Peeping Tom is apparently NOT PIPE GEM! :*p *hmm... what is a pipe gem?*

*Wheee, this is fun* :*up

Luthien Tinuviel = EVIL, INUTILE HUNT (Inutile = Lacking in utility or serviceability)
Ar-Pharazon = HA! RAZOR PAN

AND

My RL name = FINE, SUPERB, CRASS JAIL (You try figure that one out...) :*D


----------



## Prince of Cats (May 13, 2011)

Peeping-Tom said:


> My RL name = FINE, SUPERB, CRASS JAIL (You try figure that one out...) :*D


 
I'm trying to figure out how you can be both fine and crass, or finely and superbly crass. I once belonged to an online-dating site that required you to give three adjectives of yourself to start.

"Hi, I'm a fine, superb and crass jail of a man" :*up :*)


----------



## Erestor Arcamen (May 13, 2011)

Prince of Cats said:


> I'm trying to figure out how you can be both fine and crass, or finely and superbly crass. I once belonged to an online-dating site that required you to give three adjectives of yourself to start.
> 
> "Hi, I'm a fine, superb and crass jail of a man" :*up :*)


 
You forgot to post yours:

Prince of Cats = FAIR CONCEPTS

:*D


----------



## spirit (May 13, 2011)

Peeping-Tom said:


> My RL name = FINE, SUPERB, CRASS JAIL (You try figure that one out...) :*D



So just to see whether the 'think' would would in reverse, I tryed in your anagram name, and I got: 


> Fine, Superb, Crass Jail's anagram name is CR*P! INJURE SAFE BLISS


 :*D

My RL name is: ON SHEER :*rolleyes:
Nothing for Spirit though. Aww!


----------



## Daeorod (Feb 21, 2012)

I typed in cheddar bunnies cuz that's wat I'm eating and it said: unbiast drench.... I thought that was pretty funny....
Here are some more that I tried:
Legolas Greenleaf: Fealon's large eagle
The Dunedain: Hated in nude
Riders of Rohan: Fine, sad horror
Lady Galadriel: All aridly aged
My real name: Lone Jailbird...

All I can say is that I usually end up in jail while playing monopoly


----------



## Eru Ilúvatar (Feb 22, 2012)

Virtual Urea :*rolleyes:


----------



## Prince of Cats (Feb 22, 2012)

Erestor Arcamen said:


> You forgot to post yours: Prince of Cats = FAIR CONCEPTS :*D


 Haha, Awesome! Thanks, I missed that one  Eru's anagram is all :*D , Daeorod had some great ones too! I just checked out Tom Bombadil:  I'M MAD BLOB TO . Apparently Tom never got his 'to' 'two' and 'too's figured out, but I sure never saw him as a mad! Maybe though Goldberry, through all her table lading, managed to turn Tom into a bit of a blob. All that Sweet Cream, Honey Comb, White Bread and Butter :*up


----------



## Daeorod (Feb 23, 2012)

i typed in a few of my freinds names, but this one was really funny....
THE UNERRING PHSYCO

That is SO true


----------



## Withywindle (Apr 10, 2013)

Ok lets get this anagram thing re-started - Tokien references only, no holds barred.

Here´s the first one

Shag a narrator for noon

and another

Felt randy gag, eh?

or this

Soft enema: him or I?

I think I´ve set the tone for this


----------



## Withywindle (Apr 10, 2013)

Perhaps I didn´t make ckear that I was inviting peolple to have a stab at solving the anagrams!

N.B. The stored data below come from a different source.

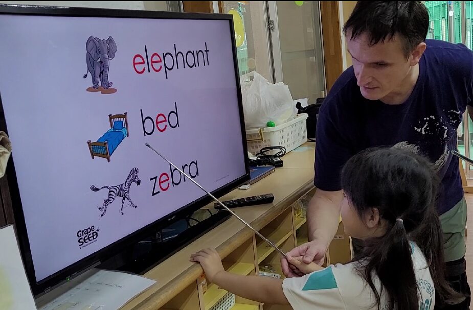 週3回の小学生グレープシードクラスです。聞く、話す、読む、書くの4つの技能をバランスよく伸ばします。
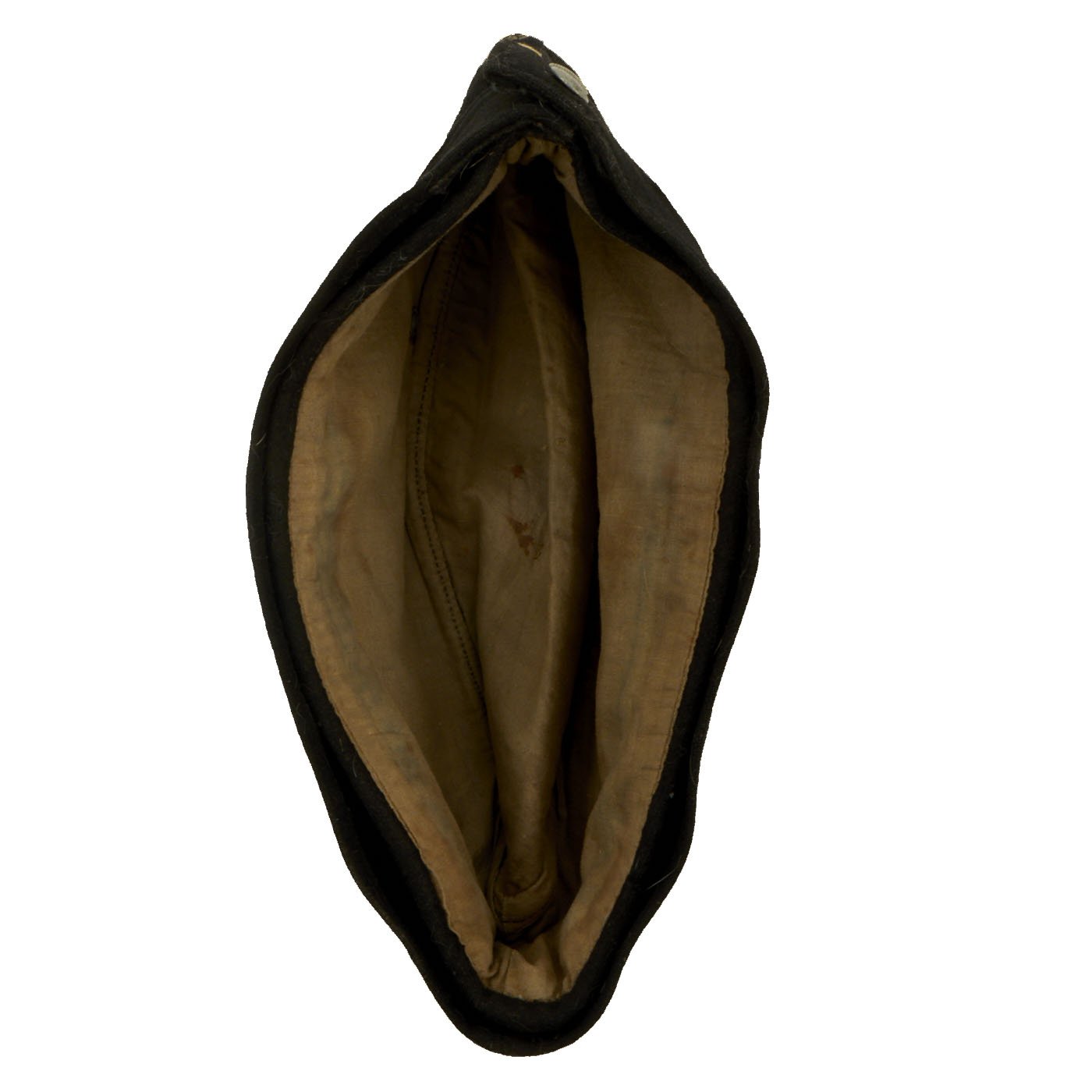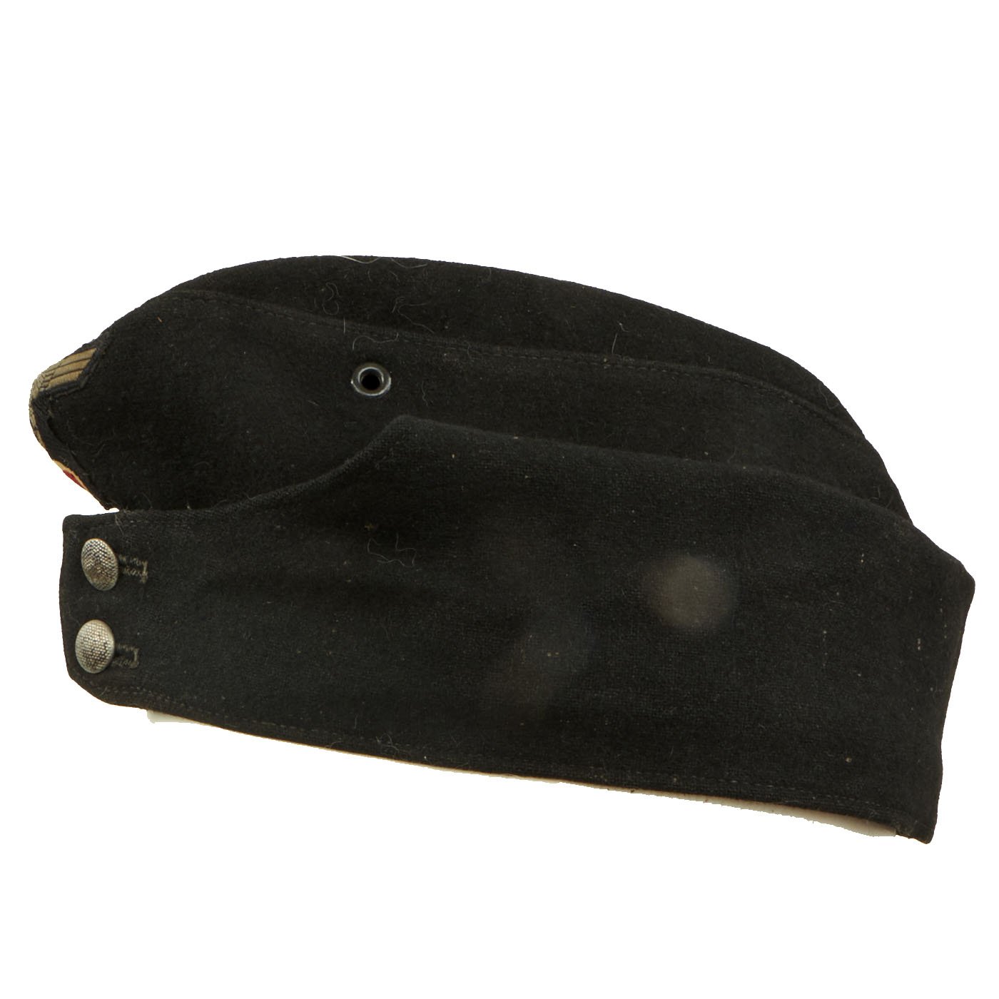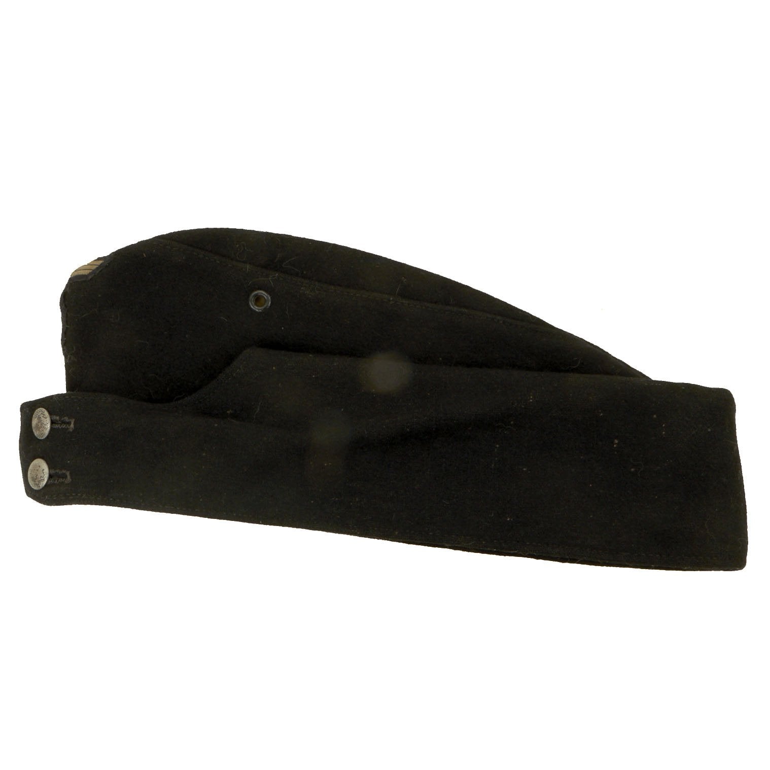 Condition of this cap is very good, with spotted wear to the nap of the outer shell, most likely from use in service. The front buttons are still intact, and the flaps fold down easily. The interior shows moderate service wear, making this a really nice example.
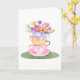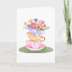 Tarjeta La pila de taza de té en pasteles con flores se po
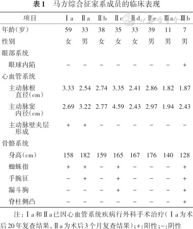 MFS患者心血管系统、眼和骨骼等结缔组织的损伤会随着年龄的增长逐渐增加,因此通过及时的临床辅助检查和基因筛查进行早期诊断和干预,对于预防患者猝死等不良事件、提高MFS家庭的生活质量和优生优育具有重要意义,值得临床医师关注。对于MFS家族成员建议进行早期检查,包括彩色多普勒超声心动图、主动脉CT血管造影(CTA)等。此外,基因检测对MFS的早期诊断、长期随访、降血压治疗和把握预防性手术时机具有重要意义[24]。
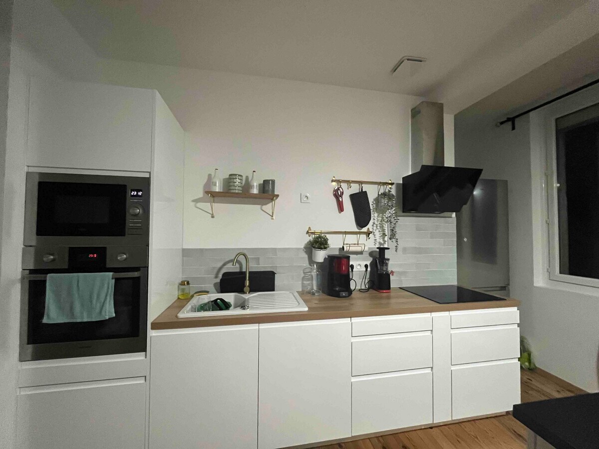 Welcome to our charming 40 m2 air-conditioned house, nestled in a peaceful hamlet, ideal for a romantic getaway or business trip. This elegant house has been completely renovated with quality materials and attention to detail to offer our guests the comfort and style they need to feel at home. The equipped kitchen is extremely functional. The night area is cozy and warm. The house benefits from a small inner courtyard.
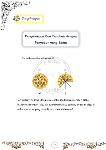 Perhatikan gambar di bawah ini ! A B Hari ini Novi sedang ulang tahun sehingga Ibunya memberi pizza, jika Ibunya memberi pizza A dan diberikan ke adiknya sebesar pizza B maka sisa pizza yang dimiliki novi menjadi berapa? 17
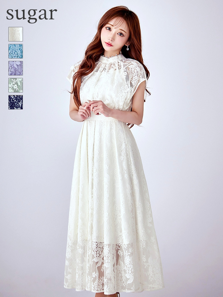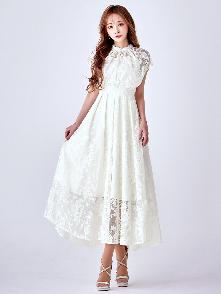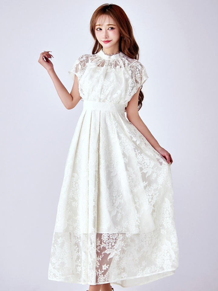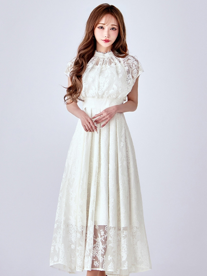 - > XLサイズあり【AMORA GRACE / アモーラグレース】 オケージョンドレス/ パーティードレス/ お呼ばれドレス/ 総レース/ ハイネック/ フラワーレース/ フレンチスリーブ/ フレア/ Aライン/ ミモレ丈/ ワンピース/ ミディアムドレス/ キャバドレス[OF05]
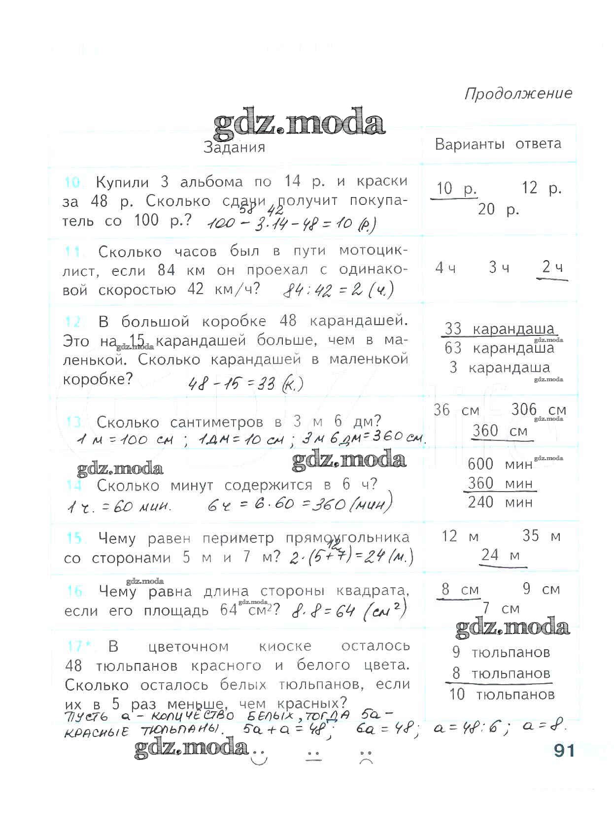 ГДЗ решение к заданию № 91 Математика 4 класс проверочные работы Волкова С.И. Просвещение 2014 ФГОС бесплатно на гдз.мода!
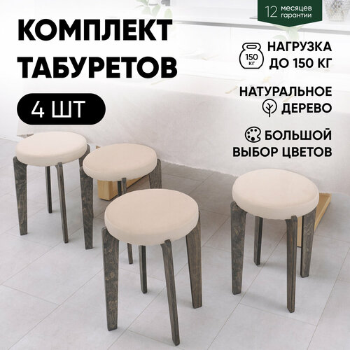 Комплект табуретов из 4шт идеально подойдет для вашей кухни как оригинальный предмет мебели для дома. Наши табуретки универсальной круглой формы украсят обеденную зону, квартиры, дачи или даже офиса. Благодаря своему компактному размеру, и небольшому весу (2.5кг.) они помещаются в любую комнату, не занимая много места, что делает набор легким в использовании и хранении. Высококачественные материалы нашего табурета: Велюр - износостойкая ткань, обеспечивает долговечность и простоту ухода методом сухой или влажной чистки. Наполнитель - высокий поролон предоставляет максимальный комфорт и поддержку. Красивая обивка и прочный каркас придают не только удобство, но и стиль в декоре. Деревянное основание стула выдерживает нагрузку до 120кг. Ножки не потеряют форму и нет риска что они разъедутся, в отличие от металлических. Простая сборка - необходимо только прикрепить сидушку к ножкам. Ножки оснащены мягкими накладками, которые защитят напольное покрытие от повреждений и царапин. Эргономичная высота удобна для стандартного кухонного стола. Табурет подойдет для прихожей, коридора, гостиной или для балкона, лоджии. Он создаст уютную обстановку у туалетного столика. Широкая цветовая гамма сочетания ножек и сидений позволяет использовать в различных дизайнах интерьера: классический, скандинавский, лофт, минимализм.

Shag a narrator for noon is of course Aragorn Son of Arathorn

Felt randy gag, eh is Gandalf the Grey

Soft enema, him or I is The Mines of Moria.

Ok here´s another:

Handle dung in sty

Have a go at solving it...


----------



## viciousjesus (Mar 24, 2022)

Tom Bombadil : "Atom Bomb Lid" , "Bad Limb Moot"


----------



## Squint-eyed Southerner (Mar 24, 2022)

How did I miss this thread? 😅


Sign me:
_Queer Honesty Intrudes_. 😊


----------



## Halasían (Mar 24, 2022)

AHA! SNAIL!


----------



## Starbrow (Mar 24, 2022)

*Rob warts.*


----------



## Goldilocks Gamgee (Mar 24, 2022)

_Good! Sick, legal gem._

Cannot say that I am particularly happy about my name.


----------



## viciousjesus (Mar 24, 2022)

I posted because "Tom Bombadil" has always struck me as a "Tom Riddle" kind of thing since reading The Hobbit when I was 12 years old or so. The book was released during the 1930s not long before the Atomic Bomb was allegedly invented. It seems like more than a coincidence and I thought others might find the correlation interesting.
Edit: the world of imagination and bright beautiful stories, like the tale of Tom Bombadil, do indeed help keep the peace. They serve as Atom Bomb Lids. I know it's a stretch but welcome to philosophy


----------



## vor0nwe (Mar 25, 2022)

Ah well, I guess I’m *over now*.


----------



## HALETH✒🗡 (Mar 25, 2022)

*Health. *
I'm lucky!


----------



## Goldilocks Gamgee (Mar 26, 2022)

_Galadriel _is *Large Dial*.
_Aragorn, son of Arathorn_ is *For, Or Arrogant Hosanna.*
_Arwen Undomiel_ is *Manure Now, Idle.*
This is so fun!
_This is so fun_ - *If Sin Shouts.*
_Elrond Half-Elven_ is *Hell of Venal Nerd.*
There seems to be a theme to these last two...
_White Lady of Rohan _- *Win, Foolhardy Hate.*

Making these is surprisingly fun! I did not expect it. Or maybe I'm just bored right now...


----------